As a field, a product of its history. Generally:
- low dimensional
- "flat": not curves and surfaces.
- concerned with worst-case asymptotic complexity.
These limitations get weaker all the time.
I want to cover:
- fundamental problems: both of theoretical and engineering interest
- interesting algorithms:
- provably good algorithms with conceivable engineering interest, or
- algorithms that are pretty good in practice, or
- both!
Why would "engineers" study this?
- build conceptual vocabulary
- add to cost measures, algorithmic approaches, intuition.
Convex hulls
Roughly:
- given some points in the plane,
- put some nails down at them.
- Surround the nails by a big rubber band, and let it shrink.

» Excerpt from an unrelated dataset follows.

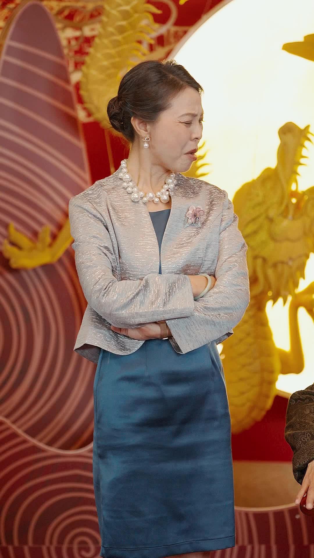 In the opulent, crimson-draped hall adorned with golden dragon motifs and glowing lanterns, a storm of unspoken history crackles in the air—not with thunder, but with the subtle shift of a pearl necklace, the tightening of a double-breasted lapel, and the trembling lip of a woman in white. This isn’t just a wedding rehearsal or a family gathering; it’s a psychological theater where every gesture is a line, every glance a soliloquy. At the center stands Li Meiling, the matriarch whose silver brocade jacket gleams like armor under the warm light, her pearls arranged in three perfect strands—each one a symbol of decades of composure now fraying at the edges. Her posture shifts from poised authority to visceral disbelief within seconds, arms crossing, then dropping, then pointing with a finger that trembles not from weakness, but from the weight of revelation. She doesn’t shout; she *accuses* with silence, with a raised eyebrow, with the way her mouth forms words only the camera—and perhaps the man in the black suit—can truly hear. That man, Zhao Yichen, stands like a statue carved from restraint: charcoal-gray checkered suit, rust-brown tie with faint geometric patterns, a silver lapel pin shaped like a phoenix feather—subtle, deliberate, defiant. His eyes never waver, even when Li Meiling’s voice rises (though we hear no sound, the tension is auditory in its intensity). He listens, he absorbs, he *waits*. And when he finally moves—his hand snapping forward, index finger aimed like a pistol at an unseen target—it’s not aggression; it’s declaration. A claim of truth, of ownership, of reclamation. Behind him, another man lingers—Chen Wei, perhaps—the quiet observer in a lighter gray suit, his expression unreadable but his presence heavy with implication. He knows more than he lets on. He’s the keeper of the off-stage script.

- The polygon enclosed by the rubber band is the convex hull
of the points.
What 2d convex hulls are good for:
- inside/outside, bounding shapes
- filtering: important points for these problems are vertices
- diameter of point set
- width
- smallest enclosing circle
- feasibility sets for linear programming
- "convex hull property" for some spline representations
- fun fact:
- the hull of the complex zeros of the polynomial p[x]
contains the hull of the zeros of its derivative.
Convex hulls, more formally
- convex combinations
- for points a,b, the point q is one if:
q is on the line segment between a and b, that is
q = za + (1-z)b for some z with 0<=z<=1
- convex set P:
-
closed under convex combination
if a,b in P, so is their convex combination
- convex: the whole plane, the empty set, disks, halfplanes, points, line segments
- not convex: {draw picture}
- the intersection of two convex sets is convex.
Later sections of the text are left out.